Confession #1: I am a little obsessed with Chanel. It has always piqued my interest, even before I was aware that the small quilted “grown up” handbag slung on my eight year old shoulder had been inspired by a bag designed by Coco Chanel in 1955.
I was lucky enough to find the ultimate treasure at Bondi markets one sunny day five years ago – a navy blue quilted handbag – long gold chain strap, tassel and all. Made in the 1980s and inherited from her mother, I could not have handed my hand earned money over to the seller quick enough. It remains the most used bag in my wardrobe, and I will always treasure it as the first bag I fell head over heels for.
Aside from a spritz of Coco Mademoiselle, it is the only piece of Chanel I own. The collections I lust over season after season are far beyond my meagre budget. They will probably always be beyond my budget, but that does not cease my fascination with the brand, its iconic history, and the direction it is moving in the future.
A product of the recent direction was officially launched on the 15th October. Perhaps the most important piece of their marketing strategy – the latest advertisement for Chanel No. 5. When I heard it was to feature Brad Pitt, I was disappointed. I have never understood what it is about him that makes females of all ages weak at the knees. With the previous advertisements best described as mini-movies, grand scale productions by the likes of Baz Luhrmann and featuring actresses such as Nicole Kidman, Marion Cotillard and Audrey Tautou, I was curious to see how Brad Pitt would sell the perfume as the first male spokesmodel.
I should have had more faith in my favourite brand. A revolutionary company that has always rebelled against the conventions. Stripped back to black and white, the ad is simple but intimate. A break from previous campaigns, and one that I’m sure Mademoiselle Chanel would approve of.

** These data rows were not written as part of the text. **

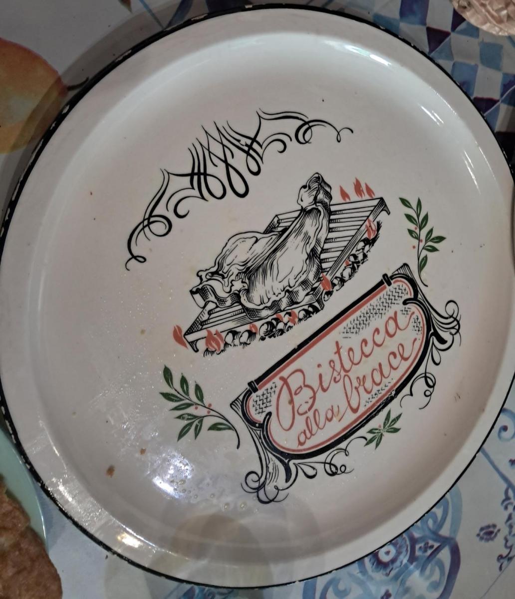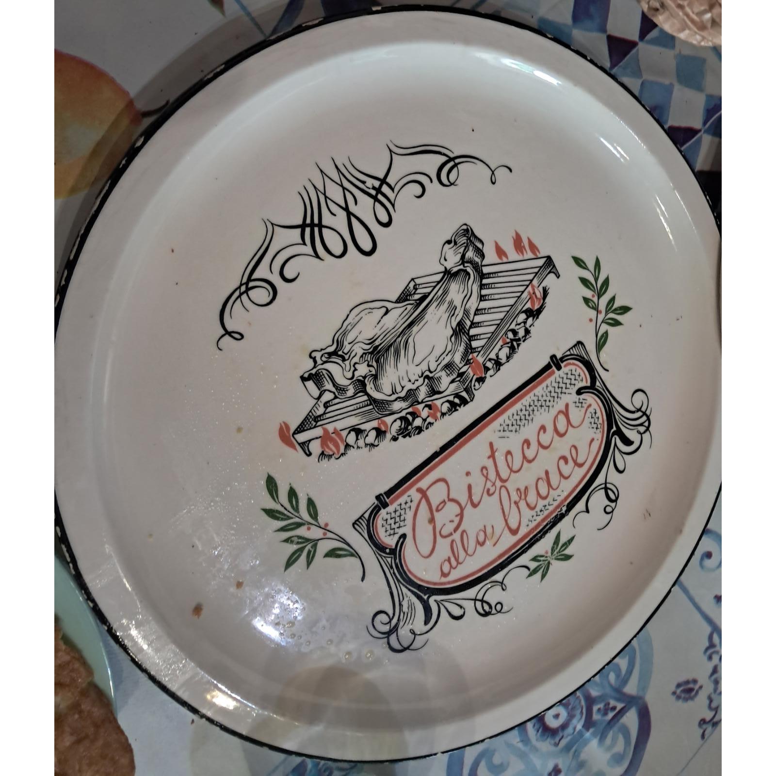 This is a charming Italian serving plate, likely made of ceramic or enameled metal. It features beautiful calligraphic art and an illustration of a steak on a grill. The red cursive text reads "Bistecca alla brace", which translates to "Grilled Steak" in English. It’s a classic piece of Italian kitchenware often found in traditional trattorias or rustic homes.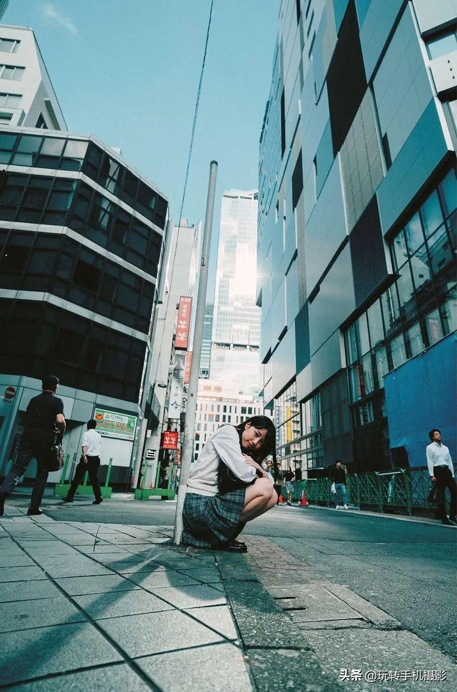 例如,尝试安排被摄者蹲在某一角落,然后拍摄者根据场景的建筑特点采用略高或者是略低的视角,记录被摄者蹲着的状态。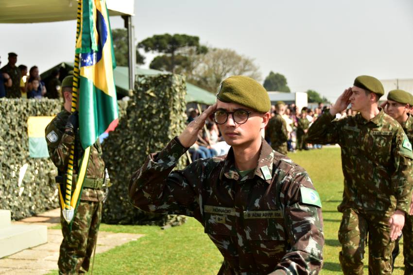 Em Curitiba, a turma de recrutas de 2024 prestou o juramento à Bandeira Nacional durante a celebração do Dia do Soldado. Em suas palavras, o Comandante da 5ª Divisão de Exército parabenizou os soldados. “Que, neste dia, o espírito do Pacificador, suas virtudes cívicas, seu respeito à lei e sua coragem moral inspirem todos os brasileiros para que se unam, a fim de fazer do Brasil o País que merecemos”, discursou o Comandante.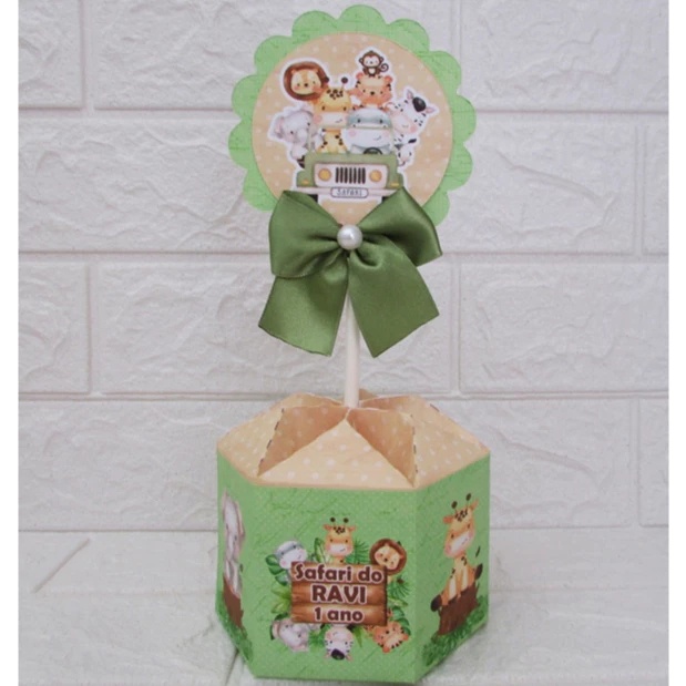 Pegue e Monte Centro de Mesa P Safari Baby Caixa Sextavada Festa Aniversário Infantil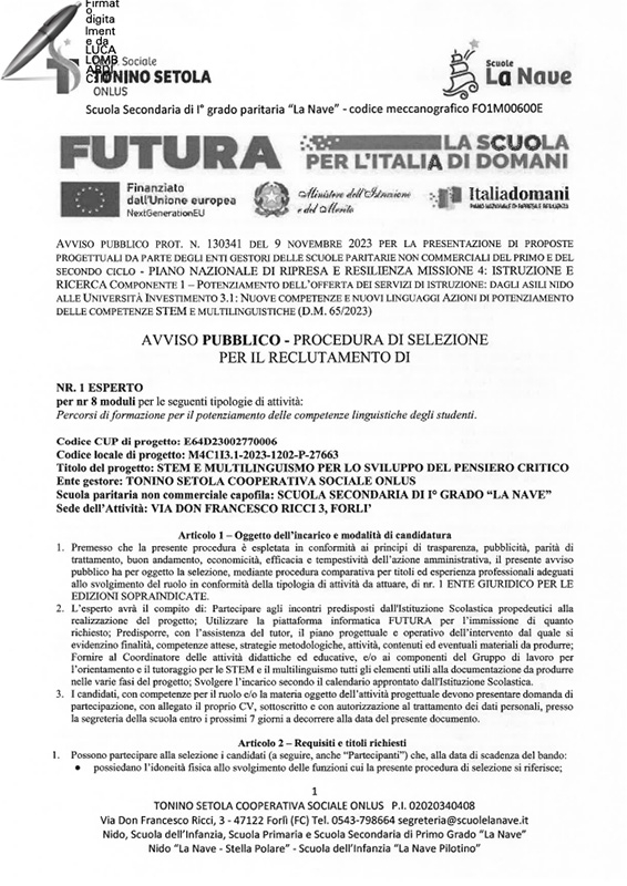- PNRR "Stem e multilinguismo" (DM 65/2023)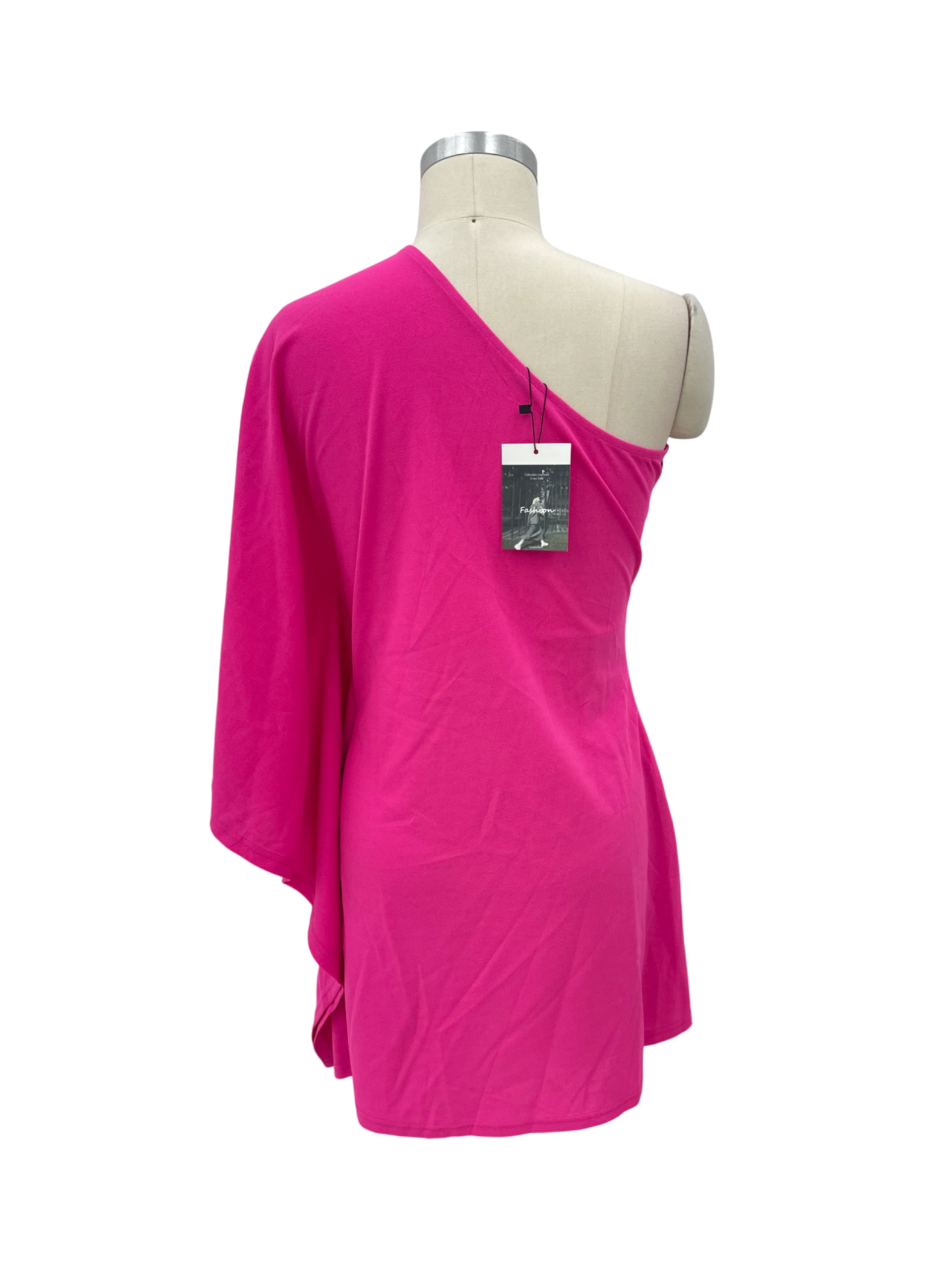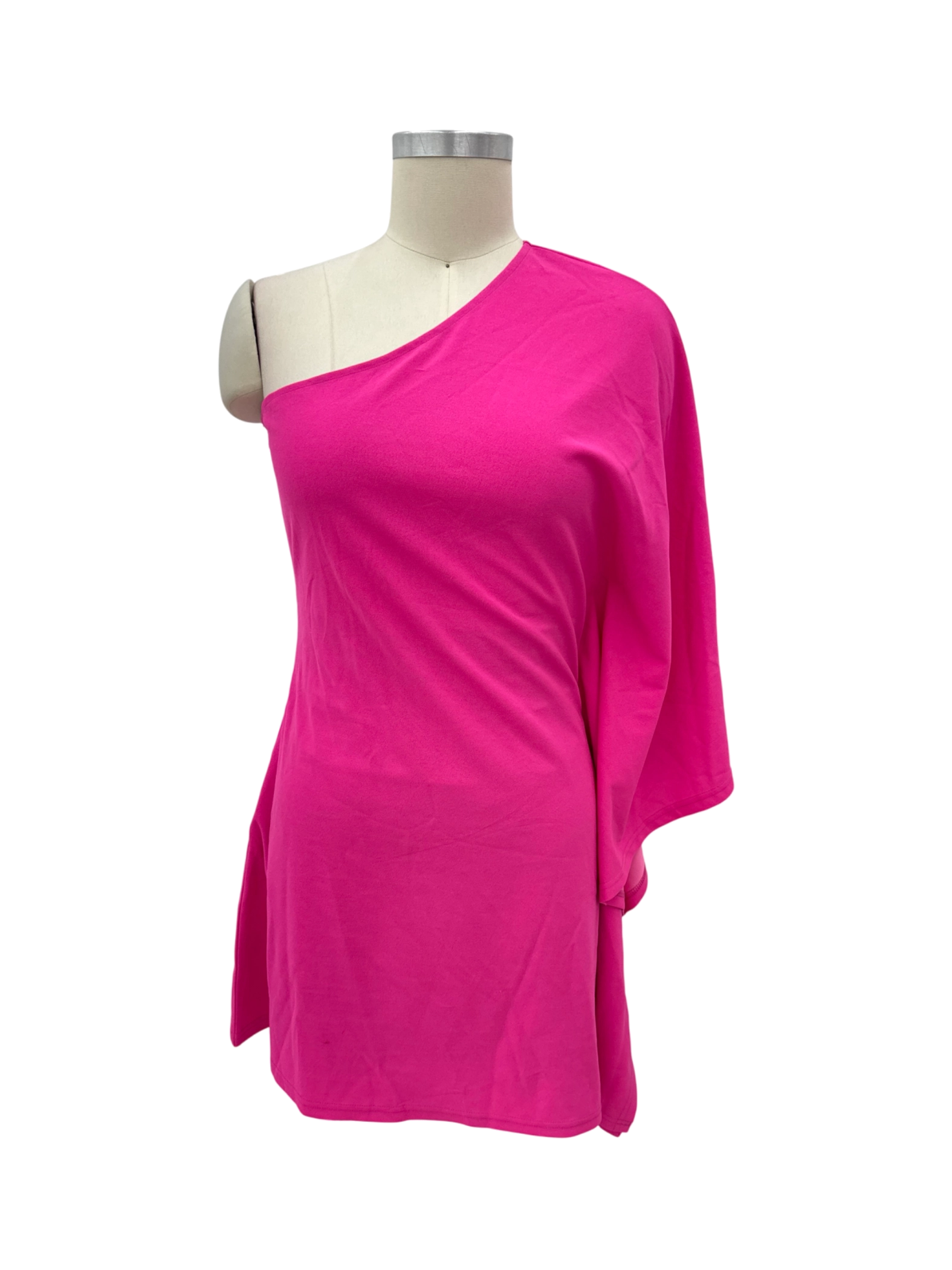 Elevate your wardrobe with this stylish second-hand one-shoulder top. This vibrant pink top features a flattering one-shoulder design and a unique long sleeve. Crafted from a blend of polyester and spandex, it offers a comfortable and stretchy fit. Perfect for a summer day out or a casual evening look. This pre-owned top is in excellent condition and ready to add a pop of color to your closet.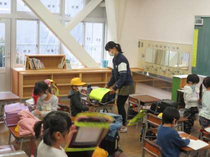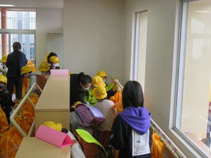 昨日、初めての雨の中の登校でした。1年生はカッパを脱いで、玄関にしまうのに一苦労。そのお手伝いを6年生がしています。

Confession #2: I must profess that the iconic scent is not to my liking. Perhaps it will grow on me, however for the moment, Coco Mademoiselle is without a doubt my preference. However, I do have a deep appreciation for the scent after reading (and absolutely loving) Tilar J. Mazzeo’s book, The Secret of Chanel No. 5. The Intimate History of the World’s Most Famous Fragrance. No perfume in history has been as influential. I hope Mr Pitt realises how lucky he is to speak on its behalf!